Freedom from Fear Award: Worker Rights Activists from the #FundExcludedWorkers Campaign
Activists and organizers are the beating heart of the racial justice movement. They are most often the originators of the policies that are taken up by thinkers, scholars, and legislators. This year, we honored Sixta Leon Barrita, Rubiela Correa, Sonia Pérez Garcia, and Maria Isabel Sierra: four New York women who tirelessly campaigned for the state to provide financial relief to undocumented workers excluded from federal stimulus and expanded unemployment benefits. The yearlong campaign culminated in a 23-day hunger strike. On Day 11, New York Assemblymember Marcela Mitaynes joined the hunger strike; on Day 22, the New York State Assembly agreed to fund the $2.1 billion Excluded Workers Fund. The #FundExcludedWorkers campaign was rooted in the principle that equitable distributional outcomes are in an entire community’s best interest, and the state legislature’s approval of the Fund indicates that these values are taking root among those who hold political power.
Freedom Medal Award: Fred T. Korematsu
Fred T. Korematsu was posthumously awarded the Freedom Medal for his decades of civil rights activism, which started with his Supreme Court challenge of FDR’s decision to incarcerate Japanese Americans during World War II. In presenting this award to his daughter Dr.

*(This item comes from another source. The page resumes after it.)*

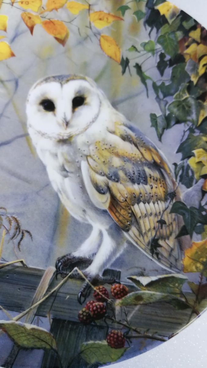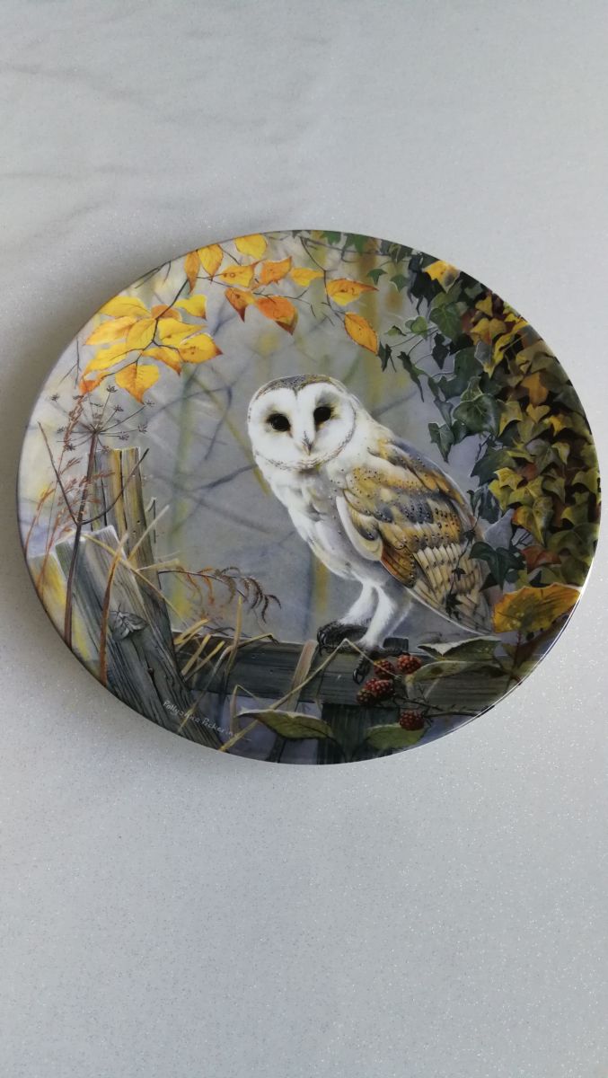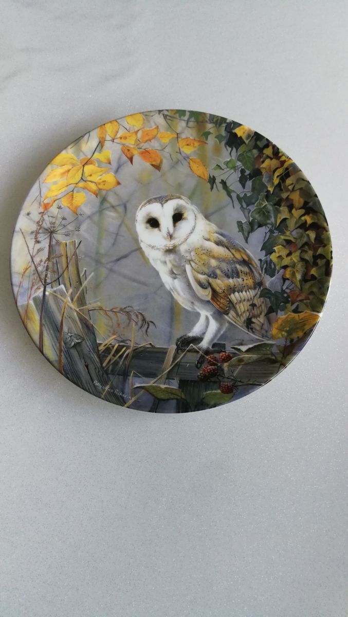 Assiette '' Un Moment Tranquille '' représentant une chouette poser sur une barrière. By Pollyanna Pickering, edition limiter.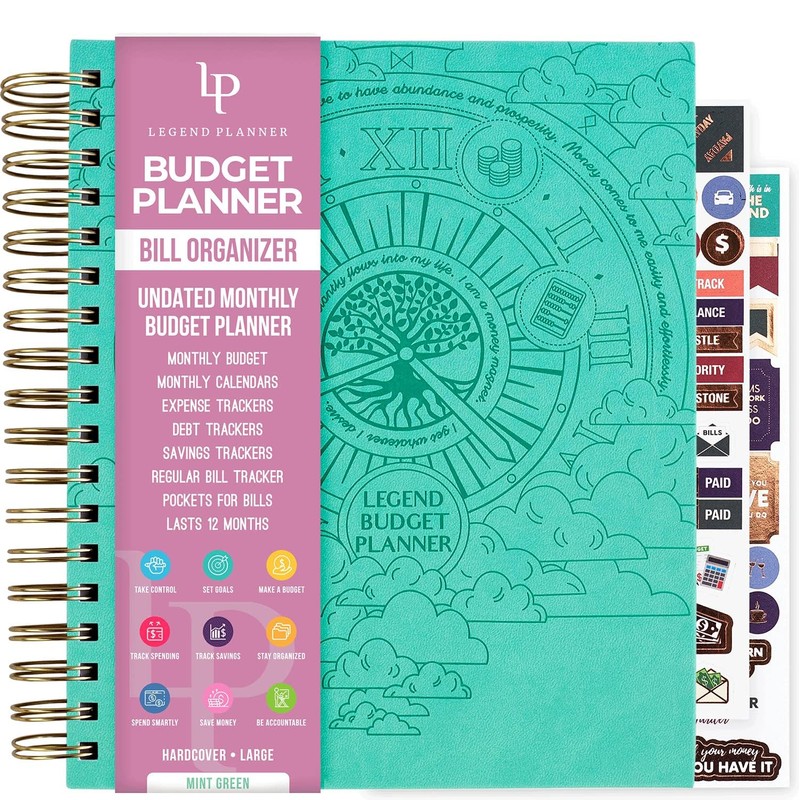 Legend Budget Planner & Monthly Bill Organizer with Pockets – Home Finance & Expense Tracker – Notebook for Household Budgeting (Mint Green)

Karen Korematsu, the Roosevelt Institute publicly acknowledges the immense harm caused by President Roosevelt’s incarceration policy. This choice is emblematic of a major theme in today’s racial justice movement: Acknowledgment of past racial harm is a vital step we must take before we can realize a truly multiracial democracy.

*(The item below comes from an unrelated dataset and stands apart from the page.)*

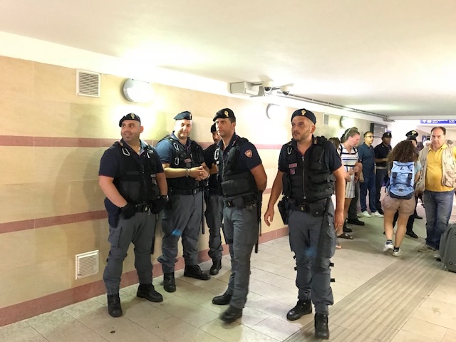 All’interno della Stazione Centrale personale, personale addetto alla controlleria di Protezione Aziendale di Trenitalia ed RFI, insieme a personale della Polizia Ferroviaria di Pisa hanno controllato, per tutta la mattina, il regolare possesso dei titoli di viaggio dei passeggeri di nove treni diretti verso le località balneari con a bordo circa duemila persone, con una operazione di filtraggio e di identificazione resa possibile dall’ausilio di personale della Polizia di stato, dell’Arma dei Carabinieri territoriale e soprattutto dei reparti di rinforzo del Reparto Mobile di Firenze e di un contingente del Battaglione “Toscana” dei Carabinieri provenienti da Firenze.

The work of our 2021 Four Freedoms Awardees reflects the emerging worldview that racial justice can no longer be a political afterthought. It must be a pillar of our collective commitment to the Four Freedoms and our fight for an equitable society. Through the synergistic interaction of scholars, thinkers, activists, and organizers, we’re seeing a new paradigm for justice and democracy come into focus—one that holds freedom and liberation, repair and redress, and material equity for people of color at its core.